None of this was helpful. Each diagnosis compounded my sense of worthlessness and the belief that there was something intrinsically wrong with me over which I had no control. My husband stopped being my husband, and started being my caretaker. I was no longer his wife, I was someone who had to be watched, managed, minded. My reactions and emotions weren’t to be trusted because of the chemical imbalance in my brain. My sense of self was poor in my twenties, by my thirties I believed there was no hope for me at all; I had an illness that would never leave me. That one belief is responsible for most of the damage that followed.

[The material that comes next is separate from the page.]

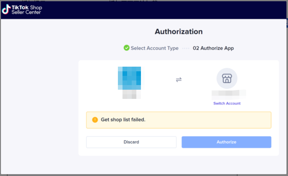Q9:TikTok授权的时候报错:找不到合适店铺?
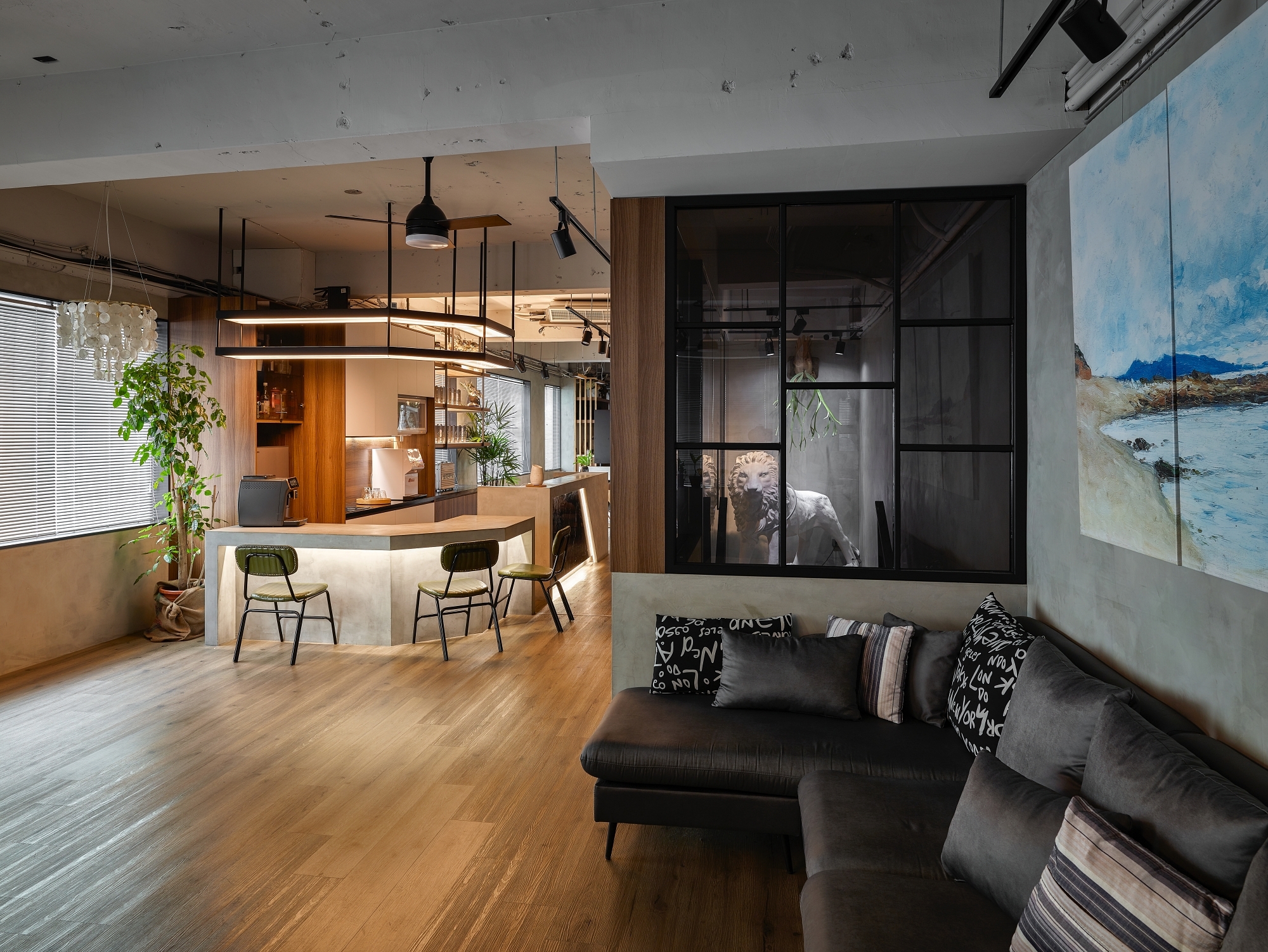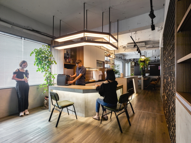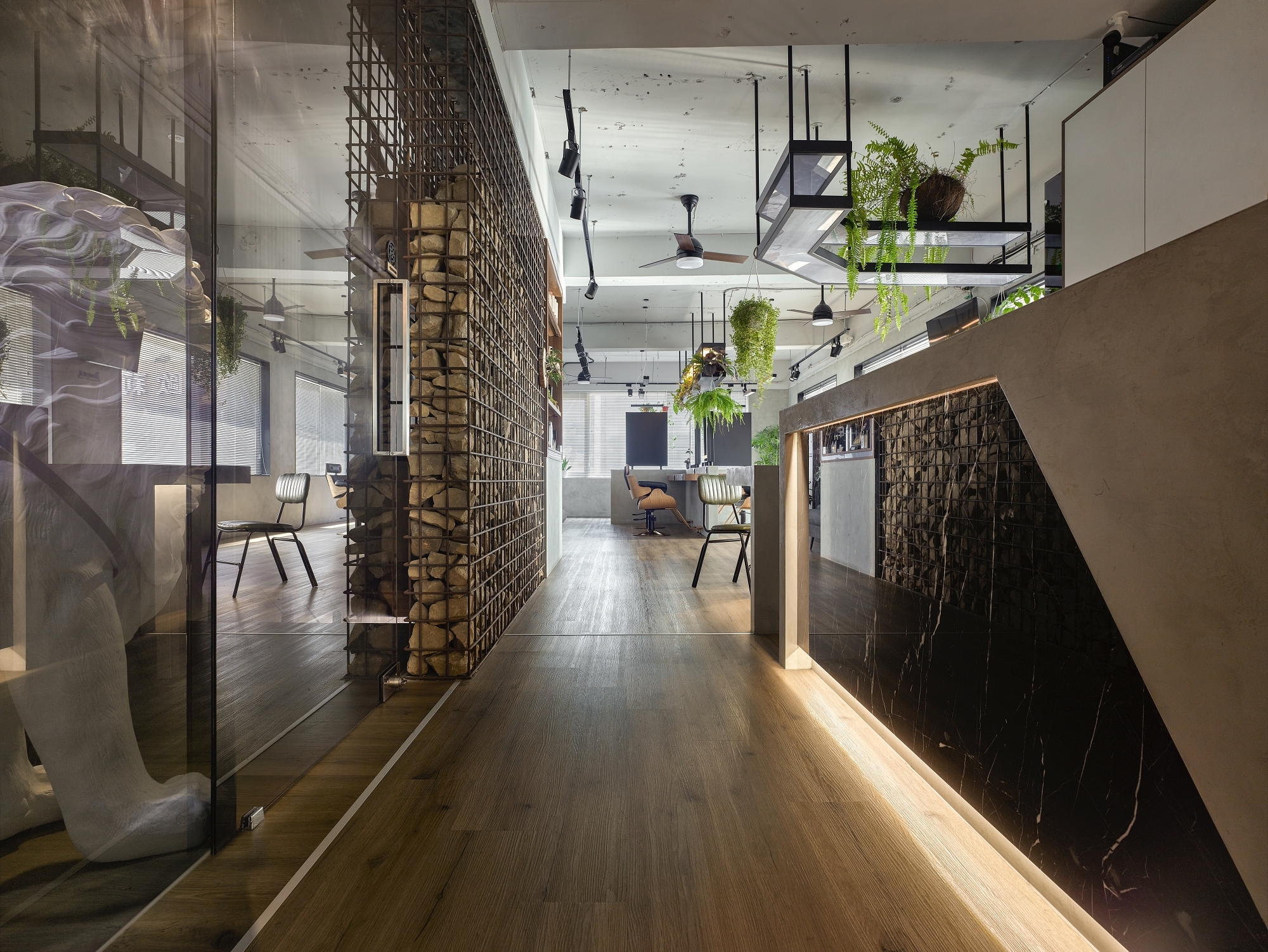 We remove the ceiling layer to reduce visual oppression and use the hanging shelvings with light fixtures and plants above the reception and seating area to render a calm ambience.

I spent six years working with a therapist while these various diagnoses were handed out. During those years, I became so severely depressed that I spent five weeks in a psychiatric unit. I had stopped functioning, was just about able to look after my kids and quite honestly didn’t care whether I lived or died. I had no idea what to do to help myself, and was convinced that nothing could ever change for me. During my time in the unit, I was given a shiny new prescription for an anti-psychotic as well as an anti-depressant, as it was believed this would help stabilise my moods. It did, but only because it numbed me to feeling anything. I was massively attached to, and reliant on, my therapist, something which contributed to the borderline label. I wanted her to fix me, and firmly believed she was the only one who could. More than that, I had a completely irrational and overwhelming need for her to mind me. I couldn’t bear the boundaries that were imposed by the therapeutic relationship, and constantly pushed them. I desperately wanted to be her favourite client, the one she would break all the rules for her. No matter how often she saw me, it was never enough. We reached the point that if I contacted her about anything other than an appointment reschedule, she wouldn’t respond. The harder she pushed back, the bigger my reaction. With every mail that was ignored, my sense of being rejected grew, likewise with every extra session request that was declined. I couldn’t bear to think that I was just another client to her, that I didn’t mean anything.
Eventually, in 2015, we came to a critical turning point. I took an overdose, and it became clear that the therapist I so cherished could no longer help me. I began to work with a clinical psychologist, and finally, after so many years of trying and fighting and struggling and failing, things started to make sense. At our very first meeting, she told me something that really hit home to me. Any one of us, under the right circumstances and at any given point in our lives, could tick many of the boxes that lead to a diagnosis of borderline. She didn’t accept it as a diagnosis, and certainly not as an illness. Instead, she taught me about how our brains actually work; the physiology behind emotional responses. She taught me about self-compassion, self-care, the importance of making time for myself and how big an impact it has when I ignore these things. She helped me understand and work through the many false beliefs about myself I had carried with me from childhood, beliefs that were shaping every single interaction I had in this world. She helped me recognise relationships that were helpful, and those that were not. Ultimately, I came to realise that there is absolutely nothing wrong with me, not in the sense that I had believed up to that point. For sure, I needed to do a lot of work, but what was most important about what she taught me, was that change was within my power, that I wasn’t being controlled by rogue chemicals in my brain, that I could take responsibility for how I was reacting and behaving.
This presented me with an interesting new challenge. While my labels were horrible, they were also comforting—they gave me a reason for what was going on, and they made it ok for me not to try and take control. I fought hard against having that comfort taken away, because it put the onus of responsibility for managing this firmly back on my shoulders. But what it also did was free me.
Over the last year, I have been discharged from psychiatric services, and successfully weaned off medications that I had been taking for five years. I’ve recognised what works for me, and what doesn’t, and have made massive changes in how I live my life. I no longer self-harm, and thoughts of suicide are a thing of the past.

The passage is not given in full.